With the NHI Bill at its consultative stage, it continues to face challenges which amongst others are fears of corruption in governance, possible additional tax, the ambiguity of the role of medical schemes and the delivery system which could lead to a shortage of providers.

“If you don’t get the governance of it right, the doctor registration, the movements of doctors and we’re getting to the delivery system a little bit later and you just mess up one of those transactions. What happens to that whole community? I don’t trust that it doesn’t work. I don’t want to go here. We’ve got to start to make sure that it works well right from the very beginning,” McHugh elaborates.

McHugh says for the NHI to be successful, there needs to be better collaboration between the public and private hospitals, just as it was done during the COVID-19 pandemic.
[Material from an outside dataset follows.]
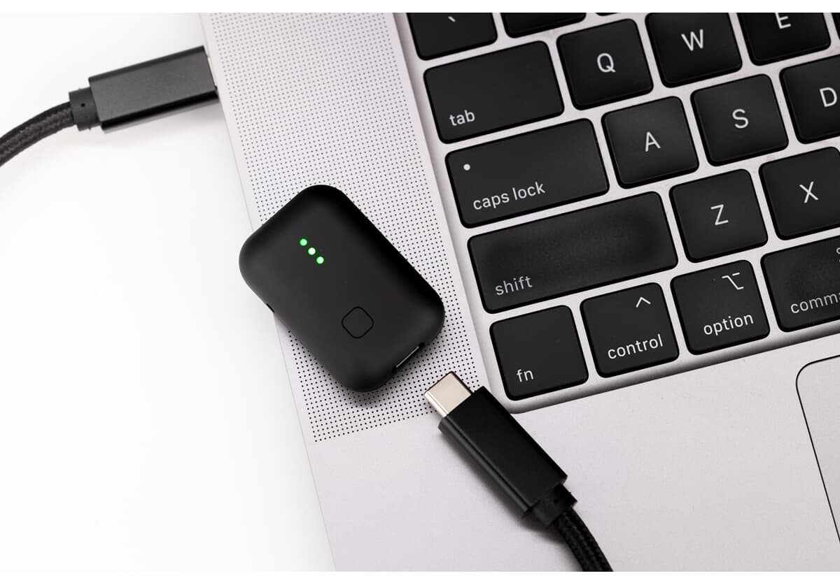 Opptil 4,5 timer opptakstid. Lades via USB-C på ca. 1 time og 9 minutter.

“So, we see the two sectors working together in order for that outcome to realize it should not be in. Our view one sector at the expense of the other. It doesn’t mean we have to kill the private sector to make the public work and we don’t think the public sector must be killed to make private sector work,” McHugh explains.

McHugh says legislation relating to medical schemes needs to be overhauled, given that today’s medical schemes are now faced with a very different context to what they were 30 years ago.